8.2.10

Hello Darkness My Old Friend

Typical drama queen... it's not that bad, but that phrase is in my head due to a beautiful arrangement of that old Paul Simon song by my friend Jack, the interim director of our community choir...

I am feeling a little dark. Last week I was very excited about my new work schedule in the studio. I'm not a morning person but I realized I would get more work done if I came in in the morning. Besides, our adolescent puppy gets me around 7 anyway, so why not? I pull myself together, and after a couple of cups of coffee me and Bela (the dog) are off to the decrepit 60's dentist's office that is my studio. Last week I was high on how much more time I was getting in here. This week, the feeling has retreated to "same old, same old".

And I'm on the downhill slope from a high. We had our big choir concert on Saturday, and the group show at a local gallery closed yesterday and the participants had a nice dinner at one of my favorite higher end restaurants. So of course today I'm bummed. And it's 1130 and I wish I was eating lunch. There is a piece of two day old anchovy pizza trilling its siren song from my fridge, a 20 minute walk away. Again, typical! I knew the slump was coming, but it doesn't make it hurt much less. What I can do it remind myself (one minute at a time) that it will pass.
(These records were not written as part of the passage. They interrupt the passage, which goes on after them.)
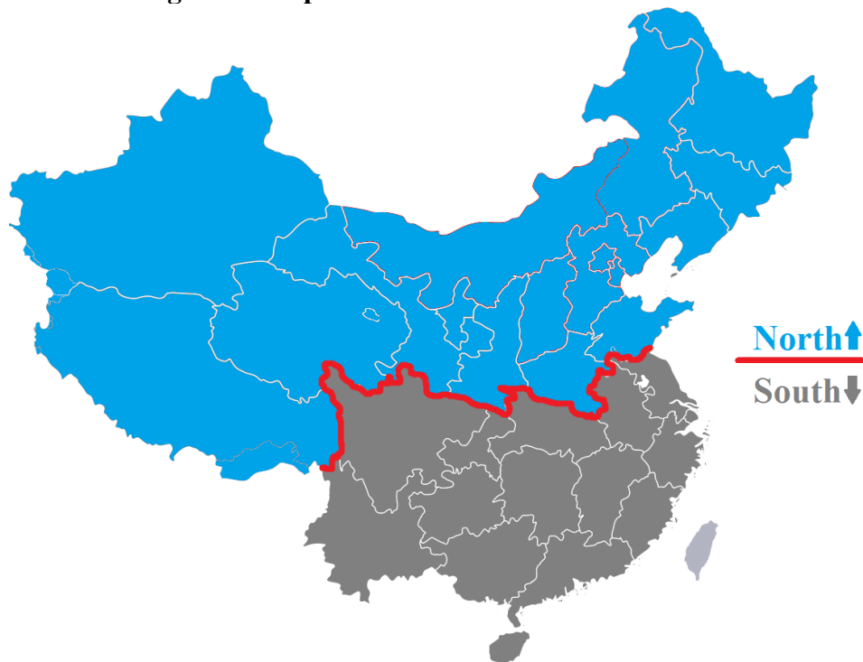
Figure 1: Map of Northern and Southern China

Subdividing the sample between northern and southern China as defined above, the regression specifications in Table 4A show that the pollution-gambling relationship holds significantly across both North and South, and that the effects are of similar magnitude, although of slightly stronger in magnitude in the North.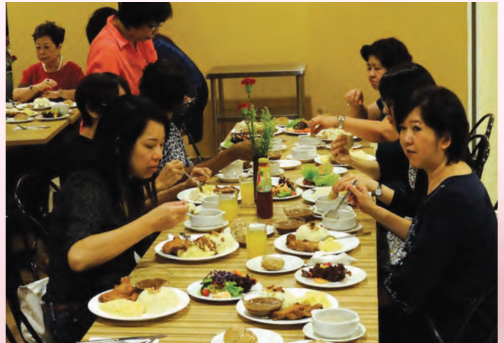
Mothers enjoying a special lunch by the Men's Ministry at Olive Cafe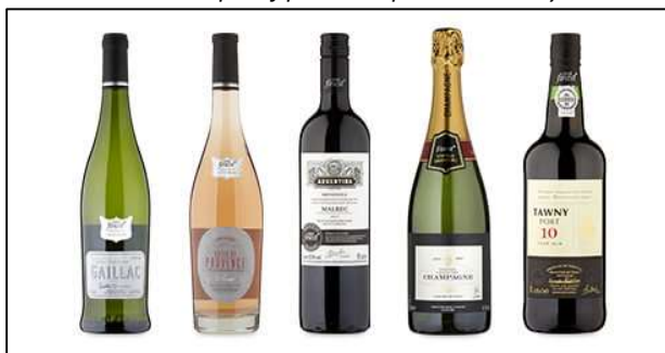
Picture 4. Example of premium private label by Tesco

Walmart, the world's largest company by revenue, among all the private labels it owns, offers "Sam's Choice" products, their premium tier brand. Another example is Tesco's Tesco Finest, that specializes in the finest wines, meats, fresh produce, desserts, etc. Such as I mentioned before, regarding advertising, the pricing of the product is never mentioned, but a great focus on the quality is made. When we take a look at Tesco Finest's wines (Picture 4), they are promoted in the following way on their website: "Explore the world's most renowned vineyards, distilleries and breweries with our exceptional Tesco Finest range, which includes several award-winning wines" (Tesco, 2022).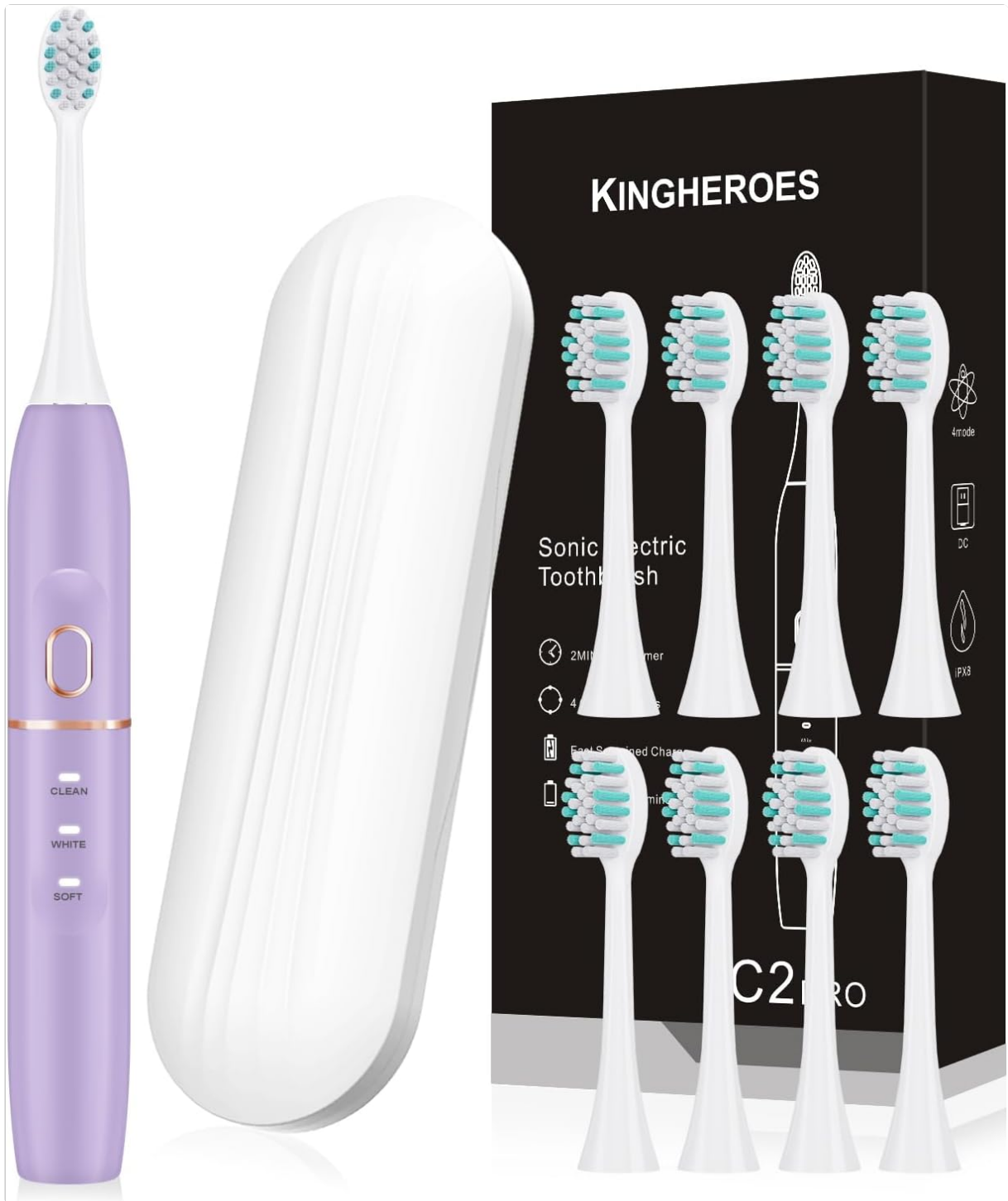
Image: Complete package contents including the purple toothbrush, 8 brush heads, charging cable, and travel case.

And I had the most incredible rush of grudges and resentments as I was setting out my paints. I'm guessing they tend to flood into the "now what" vacuum in my brain. So, in the face of hating the entire world, I had to dredge up my gratitudes, for the second time today. They came a lot slower than they had when I said my 12-step prayers a few hours before.

A ray of hope has come as I see that my recent goals have been realized and I may be on the verge of achieving one that I had only hesitantly dared hope for. So I need some fresh ones. That is cool.

Sometimes walking the walk takes you through rough terrain. But for me it all comes back to the food. If I can't put the food down, I'm crippled. I was an artist with a block that had even come back to haunt me last year, and I had to really work my recovery to not binge after a really bad episode a year and a month ago. And the recommittment got me back into the studio, better than ever before. And that was one thing that I didn't figure on, one of the gifts that I couldn't predict, but it figures that the unmanagability of my life extends way beyond the food.

Ok, back to work. Cheers. Just watch out if you see me and the dog trotting toward you about 1 pm --- I've got a date with them anchovies!